◆ AIM OF THE EXERCISE
What is needed is an exact copy of the lines in the listing below, from the one with "GÉNÉRAL Code : WEB_R_201911293523" up to and including the one with "École maternelle Louis Pasteur", with no other lines.

◆ SOURCE MATERIAL
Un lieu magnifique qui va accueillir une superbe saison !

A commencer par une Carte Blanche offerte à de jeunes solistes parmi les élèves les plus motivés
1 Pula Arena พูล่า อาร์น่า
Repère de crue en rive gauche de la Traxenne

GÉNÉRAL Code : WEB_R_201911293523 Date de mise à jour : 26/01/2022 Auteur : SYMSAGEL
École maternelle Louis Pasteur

---

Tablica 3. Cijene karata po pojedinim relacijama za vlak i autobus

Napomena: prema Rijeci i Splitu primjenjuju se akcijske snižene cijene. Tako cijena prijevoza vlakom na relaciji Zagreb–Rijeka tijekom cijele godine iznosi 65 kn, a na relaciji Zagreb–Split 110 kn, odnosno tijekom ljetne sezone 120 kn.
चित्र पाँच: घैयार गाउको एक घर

◆ ANSWER BELOW
GÉNÉRAL Code : WEB_R_201911293523 Date de mise à jour : 26/01/2022 Auteur : SYMSAGEL
École maternelle Louis Pasteur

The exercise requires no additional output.